==== Material to process ====

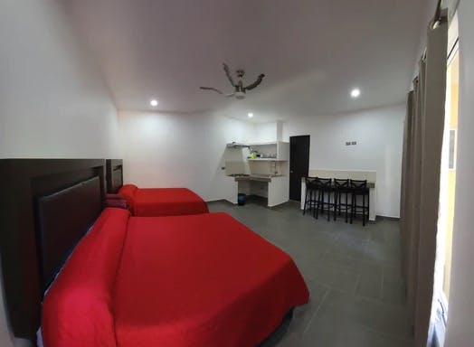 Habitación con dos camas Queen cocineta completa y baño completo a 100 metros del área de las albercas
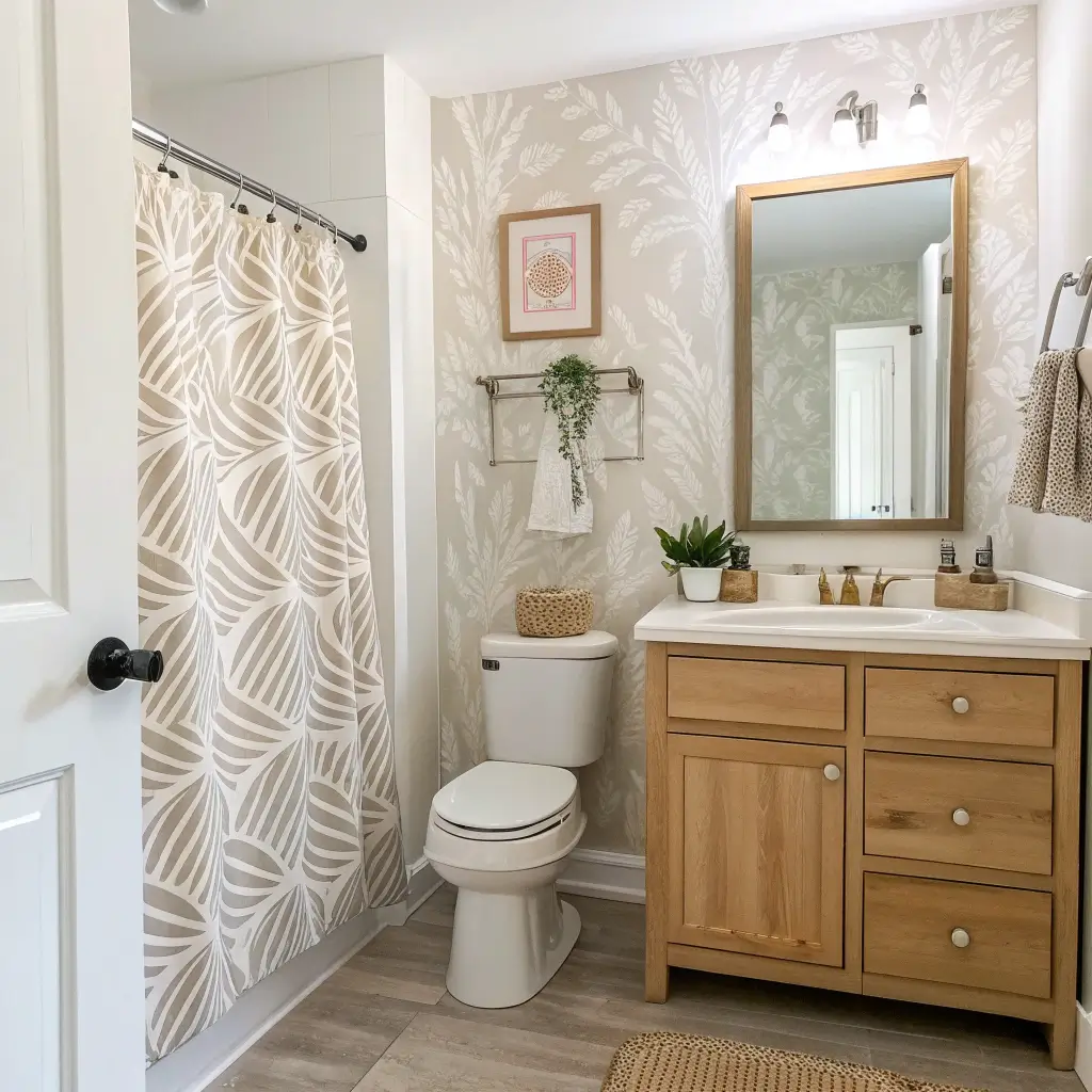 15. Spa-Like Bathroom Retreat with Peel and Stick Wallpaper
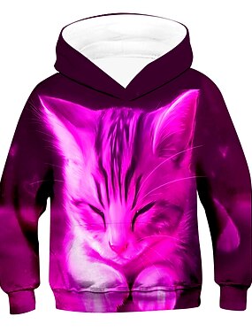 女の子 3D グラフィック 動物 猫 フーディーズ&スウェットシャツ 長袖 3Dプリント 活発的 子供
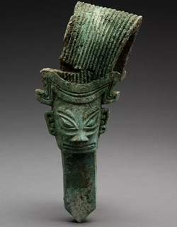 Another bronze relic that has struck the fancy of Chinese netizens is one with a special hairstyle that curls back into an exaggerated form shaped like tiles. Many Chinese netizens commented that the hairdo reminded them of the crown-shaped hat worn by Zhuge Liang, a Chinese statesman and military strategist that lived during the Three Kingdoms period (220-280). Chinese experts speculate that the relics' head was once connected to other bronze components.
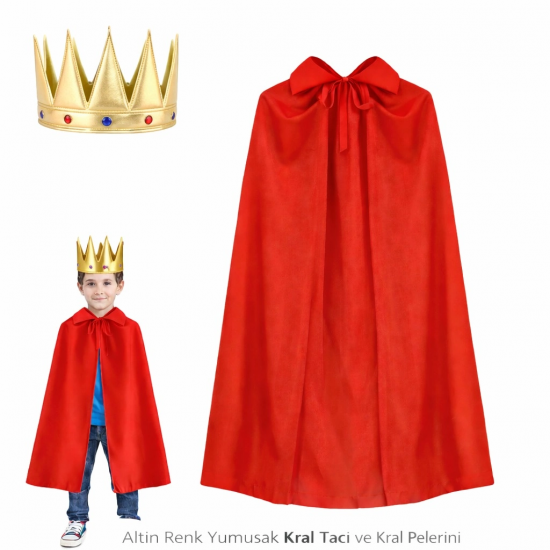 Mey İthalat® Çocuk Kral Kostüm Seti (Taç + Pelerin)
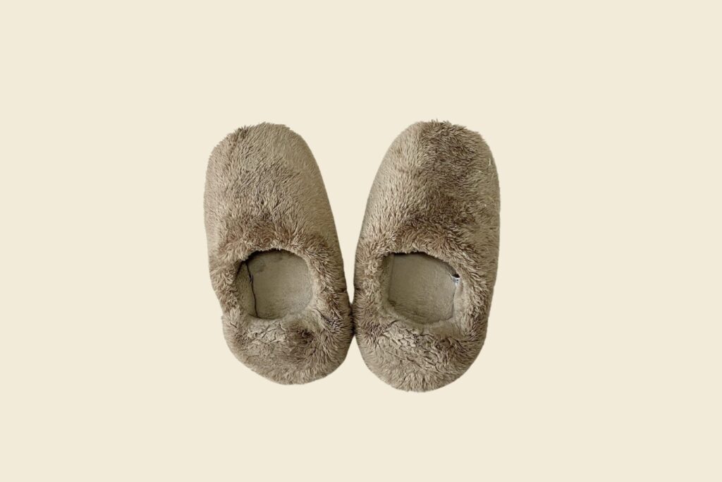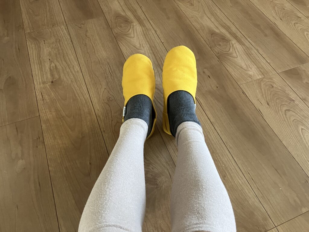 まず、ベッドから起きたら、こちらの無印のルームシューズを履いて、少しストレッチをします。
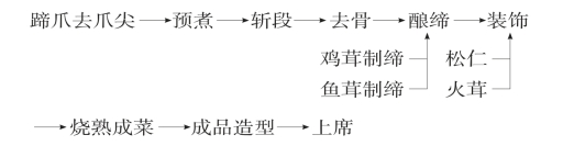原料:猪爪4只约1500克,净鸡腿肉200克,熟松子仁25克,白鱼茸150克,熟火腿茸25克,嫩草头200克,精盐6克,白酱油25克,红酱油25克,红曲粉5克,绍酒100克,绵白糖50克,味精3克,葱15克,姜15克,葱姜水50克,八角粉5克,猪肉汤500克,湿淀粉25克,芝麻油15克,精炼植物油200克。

====
==== Material to process ====

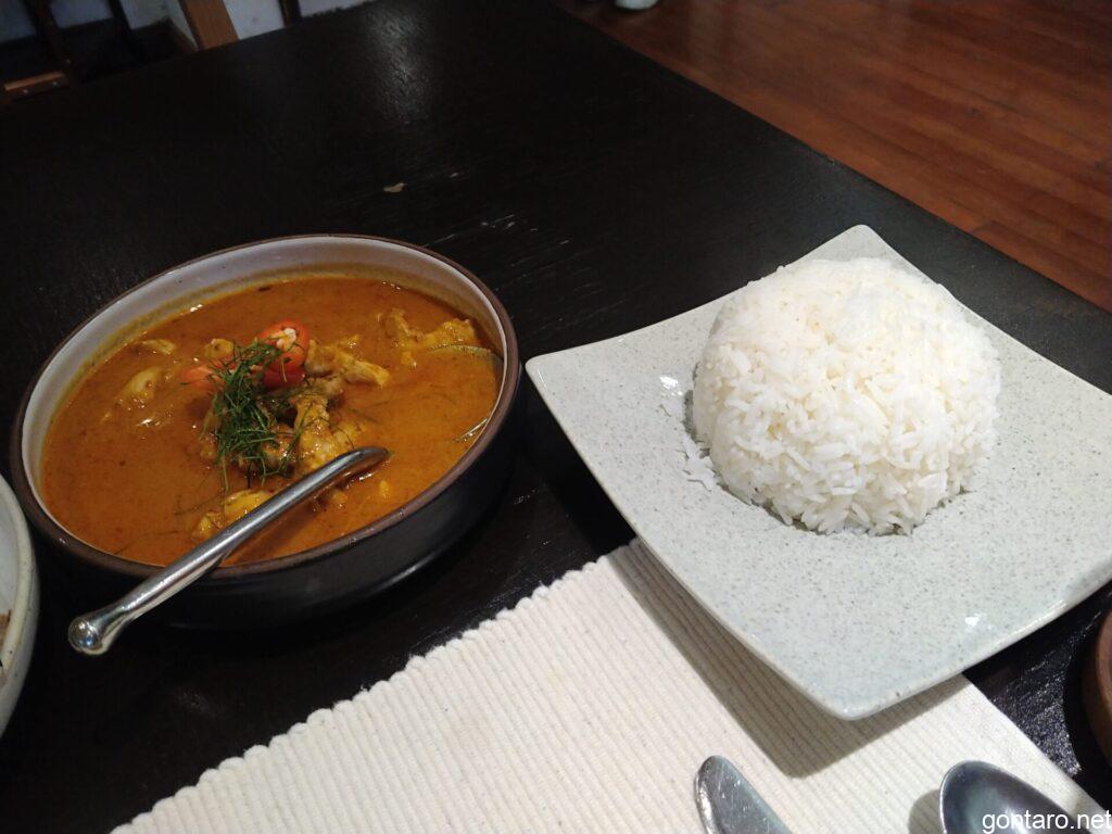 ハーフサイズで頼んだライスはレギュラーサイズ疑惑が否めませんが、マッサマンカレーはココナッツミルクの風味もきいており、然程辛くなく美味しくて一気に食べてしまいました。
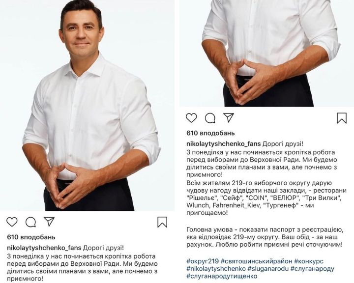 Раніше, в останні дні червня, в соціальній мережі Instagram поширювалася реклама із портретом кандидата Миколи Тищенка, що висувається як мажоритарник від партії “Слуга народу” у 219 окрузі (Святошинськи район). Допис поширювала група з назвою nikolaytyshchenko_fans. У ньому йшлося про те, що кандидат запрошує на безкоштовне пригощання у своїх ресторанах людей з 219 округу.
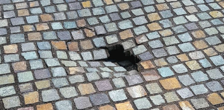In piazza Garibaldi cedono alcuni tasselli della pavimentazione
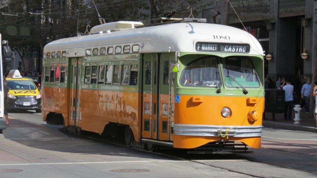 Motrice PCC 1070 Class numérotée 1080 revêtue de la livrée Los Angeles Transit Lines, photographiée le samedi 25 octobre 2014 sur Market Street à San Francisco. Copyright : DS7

====

Everything above from the line with "Mey İthalat® Çocuk" through the line with "原料:猪爪4只约1500克,净鸡腿肉20" should be retyped exactly, and nothing else; omit pictures.

Written response =>
 Mey İthalat® Çocuk Kral Kostüm Seti (Taç + Pelerin)
 まず、ベッドから起きたら、こちらの無印のルームシューズを履いて、少しストレッチをします。
原料:猪爪4只约1500克,净鸡腿肉200克,熟松子仁25克,白鱼茸150克,熟火腿茸25克,嫩草头200克,精盐6克,白酱油25克,红酱油25克,红曲粉5克,绍酒100克,绵白糖50克,味精3克,葱15克,姜15克,葱姜水50克,八角粉5克,猪肉汤500克,湿淀粉25克,芝麻油15克,精炼植物油200克。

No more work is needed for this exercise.